**DATASET EXTRACT:**
[Start of section]

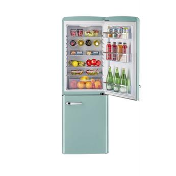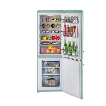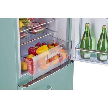 - 7 Cu. Ft. Total Capacity, 4 Glass Shelves, Crisper Drawer, Right Hinge, Manual Defrost, Energy Star Certified, Adjustable Glass Shelves, Adjustable Thermostat, ETL Listed, Adjustable Wine Rack in Ocean Mist Turquoise
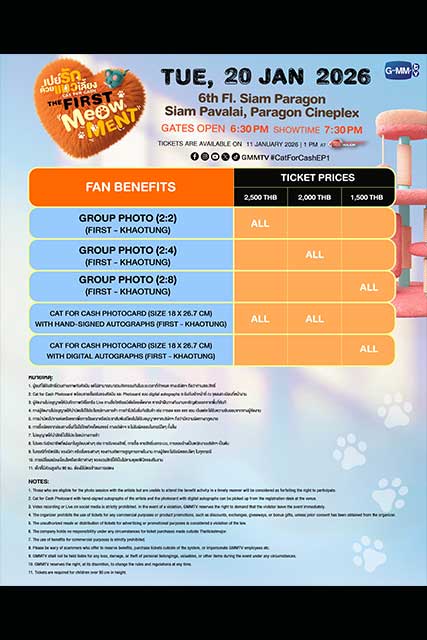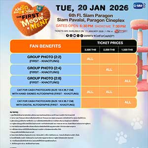 สำหรับผู้ที่สนใจสามารถจองบัตรเข้าร่วมงาน “เปย์รักด้วยแมวเลี้ยง THE FIRST MeOwMENT” เปิดจำหน่ายบัตร วันอาทิตย์ที่ 11 มกราคมนี้ เริ่มเวลา 13.00 น. เป็นต้นไป บัตรราคา 2,500 / 2,000 / 1,500 บาท ที่ ไทยทิคเก็ตเมเจอร์ทุกสาขา, www.thaiticketmajor.com และ Call center โทร 0-2262-3456 หรือติดตามรายละเอียดเพิ่มเติมได้ที่ www.thaiticketmajor.com และ www.facebook.com/gmmtvofficial / Instagram / X / TikTok / YouTube / Weibo: GMMTV
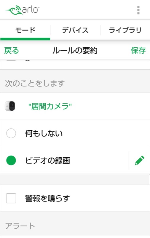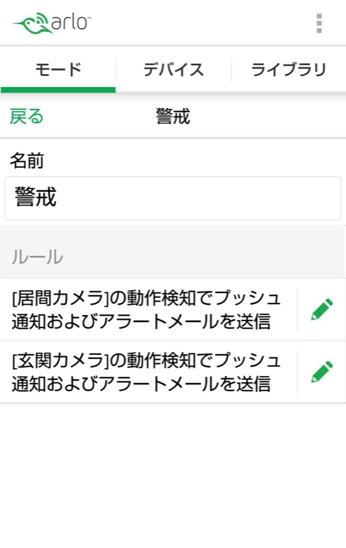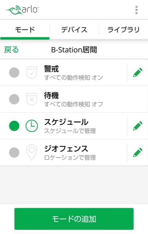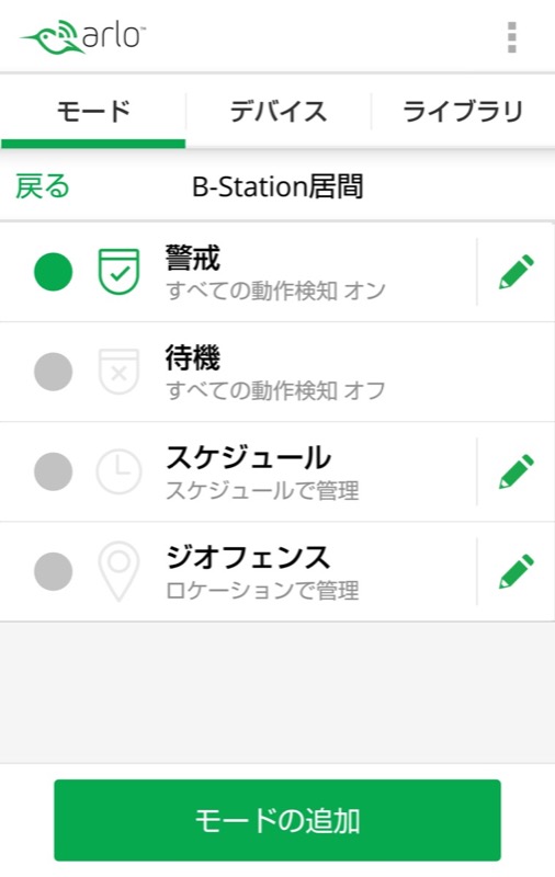 - ベースステーションを選び、通知がうるさいと感じる警戒モードの鉛筆マークの編集ボタンをタップします

[End of section]

**WHAT THE EXERCISE ASKS:** The expected output is exactly the lines from the one containing "YouTube / Weibo: GMMTV" through the last line of the listing, both included, with every picture left out.

**ANSWER TO THIS TASK:**
 สำหรับผู้ที่สนใจสามารถจองบัตรเข้าร่วมงาน “เปย์รักด้วยแมวเลี้ยง THE FIRST MeOwMENT” เปิดจำหน่ายบัตร วันอาทิตย์ที่ 11 มกราคมนี้ เริ่มเวลา 13.00 น. เป็นต้นไป บัตรราคา 2,500 / 2,000 / 1,500 บาท ที่ ไทยทิคเก็ตเมเจอร์ทุกสาขา, www.thaiticketmajor.com และ Call center โทร 0-2262-3456 หรือติดตามรายละเอียดเพิ่มเติมได้ที่ www.thaiticketmajor.com และ www.facebook.com/gmmtvofficial / Instagram / X / TikTok / YouTube / Weibo: GMMTV
 - ベースステーションを選び、通知がうるさいと感じる警戒モードの鉛筆マークの編集ボタンをタップします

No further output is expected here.